#“Using your Media Player, Tablet or Raspberry Pi on a Hotel TV”
One thing that has driven me mad for the past several years is hotels making it hard to connect your gear to their TVs. Older TVs are usually easier and have a SCART at the back. LCDs bolted into a wall-unit tend to be the worst.
I usually travel with a media player, a variety of cables and a universal remote control. Most of the time I can get something working. I’ve only been beaten once by a recessed LCD where I was very tempted to take my leatherman tool to the entire wall unit to disassemble it. But I managed to stop myself.
Last week I thought I was stymied again. It took me a good 15 mins of my arm up the back of the LCD to find a HDMI socket but I finally did. However I couldn’t get the TV to switch to the AV ports no matter what I did on my or their remote.
The culprit is that Hotel TV system. You know the one, with the welcome video and the “premium” channels. It locks the TV down so you can only see what they want you to see. Very frustrating.
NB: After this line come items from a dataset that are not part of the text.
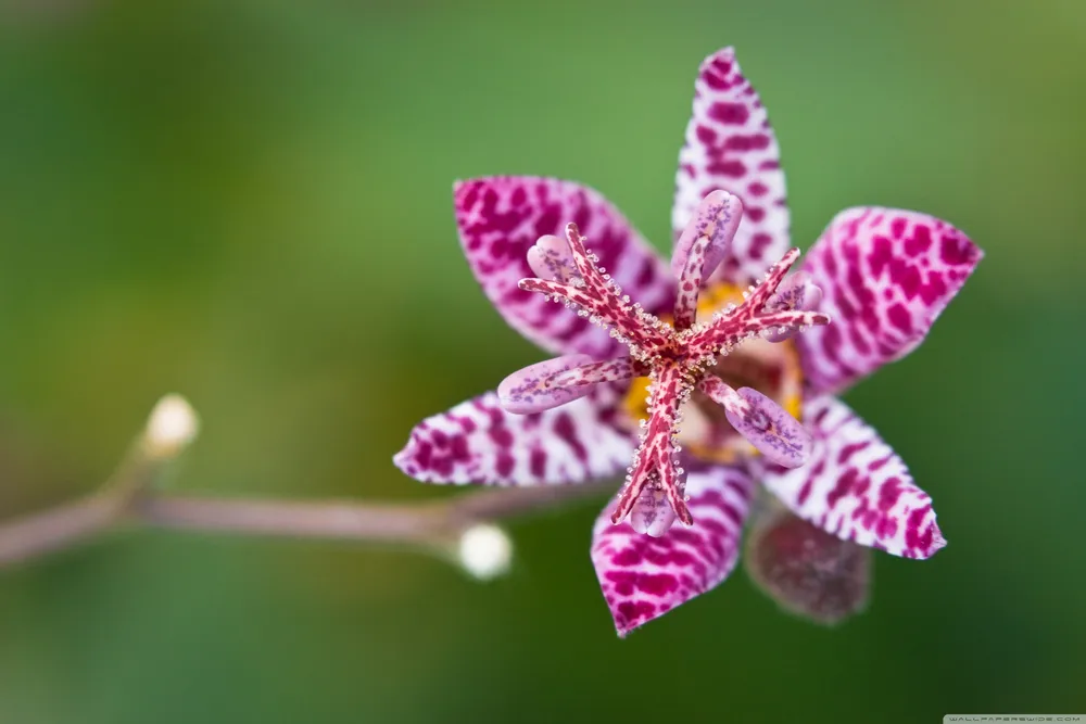 Трициртис Блю Споттед – это непревзойденное украшение любого сада, благодаря своему уникальному внешнему виду и неприхотливому характеру. Сорт, выведенный селекционерами сравнительно недавно, быстро завоевал популярность у цветоводов любителей за свою необычную окраску и долгое цветение. Это многолетнее травянистое растение с узкими, мечевидными листьями и яркими, пурпурно-синими цветами, на которых расположено множество белых пятнышек, как будто созданных из звездного неба. Высота растения достигает около 60-70 см, а в период цветения его куст буквально усыпан красочными соцветиями.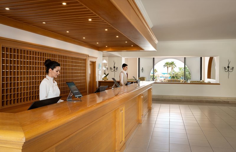 Ausstattung: Die Hotelanlage bietet eine Kombination aus griechischem Charme und modernem Ambiente. Das 5 Sterne Resort besteht aus 455 Zimmern verteilt auf ein Haupthaus mit einem Lift und mehreren bungalowartigen Gebäuden und verfügt über Empfangshalle mit 24-Stunden-Rezeption und Sitzgruppen, Restaurants (Grill-Restaurant, Fischrestaurant und Pan-Asian Restaurant Reservierung erforderlich-nach Verfügbarkeit, Crêperie, Take away Pizza "on the beach"), sieben Bars, Minimarkt, Kiosk, Boutique und Diskothek (ist nicht im All Inclusive enthalten). In der Außenanlage befinden sich die Poollandschaft mit 5 Süßwasser-Swimmingpools,1 Meerwasserbecken, Kinderbecken und ein Wasserpark mit Rutschen (10-18 Uhr/ab 6 Jahren) sowie Pool-/Strandbar. Die Sonnenterrasse ist ausgestattet mit Liegen und Schirmen, welche sowohl am Pool als auch am Strand inkludiert sind. Wi-Fi ist in der gesamten Hotelanlage inklusive.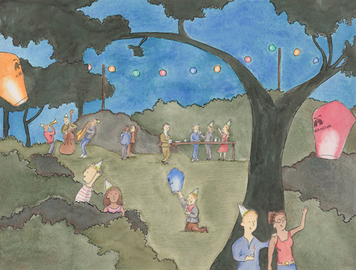 These were the largest watercolor designs I had ever attempted, and I must say they came out rather well. I was very much inspired by the works of Ukiyo-e masters, and tried to use areas of blank space and color to their best effect.

But I do hate to be beaten so I did a bit of googling and hurrah, it’s a doddle to work around. This should work for any Philips Hotel TV setup and possibly others.
- Connect your media player, Android Tablet with HDMI-out or Raspberry Pi to the TV
- Go to a high numbered channel, ideally one that is used for nothing
- Quickly type 3 1 9 7 5 3 mute on the TV remote and you’ll get access to a secret admin menu.
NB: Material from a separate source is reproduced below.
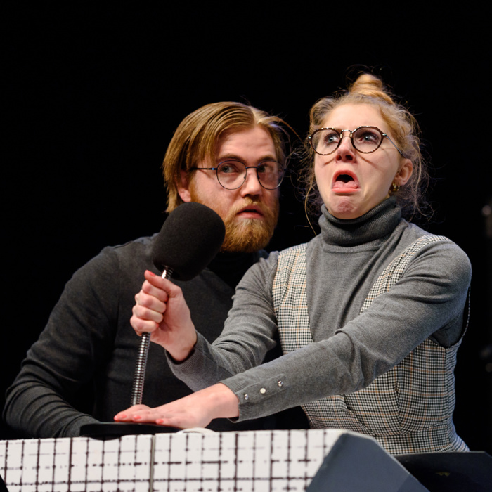 (…) vrolijke, slapstickachtige bewegingsgrappen. Elke handeling ondersteunt ze met een sterke mimiek.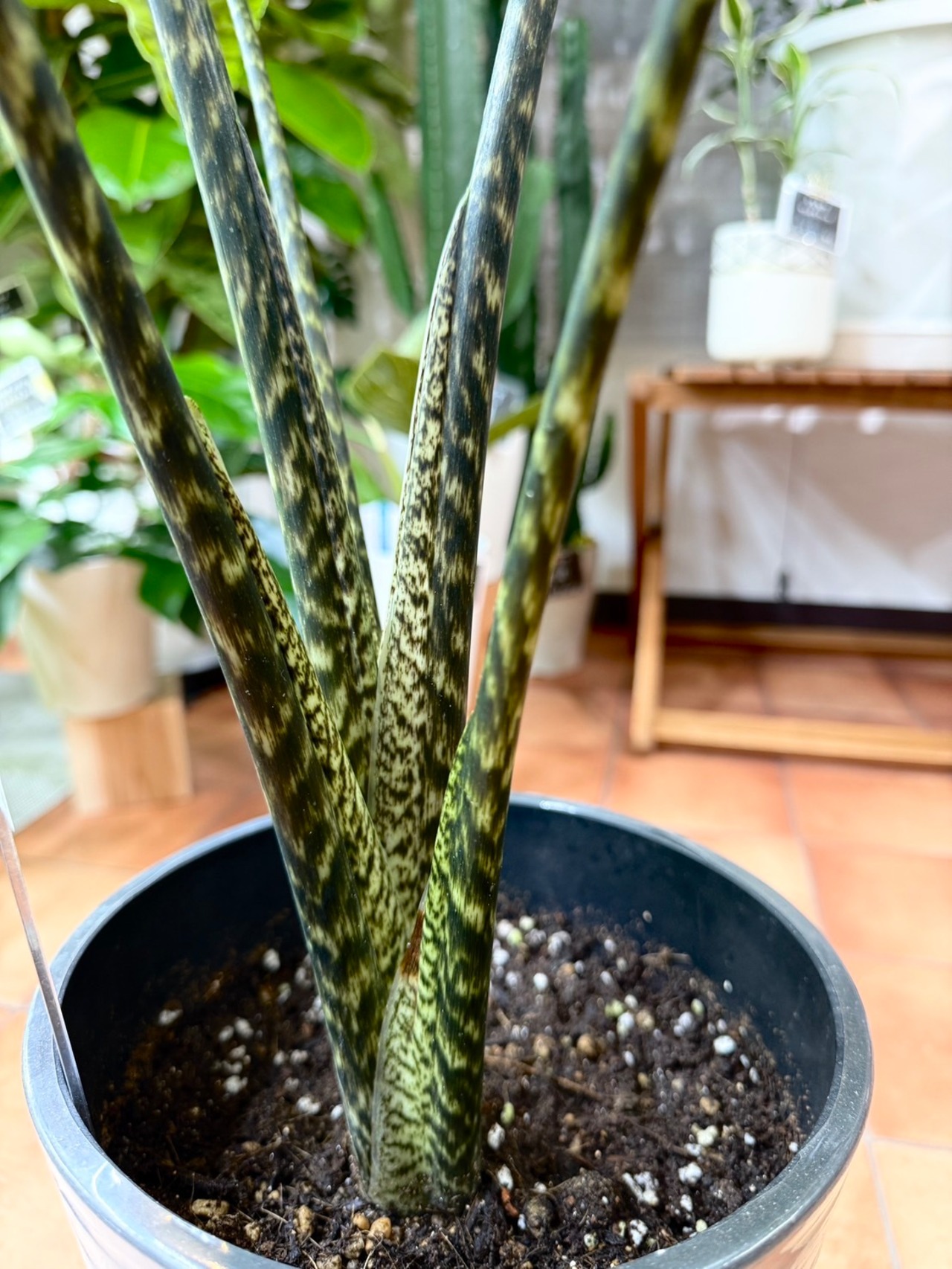 アロカシア・ゼブリナ・レティキュラータはアロカシア ゼブリナ レオパードとも呼ばれ、その美しく細長く、緑と黄色の模様の葉が特徴的です。

- Choose Program Install and then cycle through the inputs until you see the expected screen of your connected device
- Exit out and your’re done!
To avoid annoying the hotel, you should do the decent thing and re-run the procedure above just before you leave and change the input back to tuner (or whatever it was set to originally).
I smugly used my Raspberry Pi running the Raspbmc distribution to play a variety of videos in my hotel room last week using XBMC.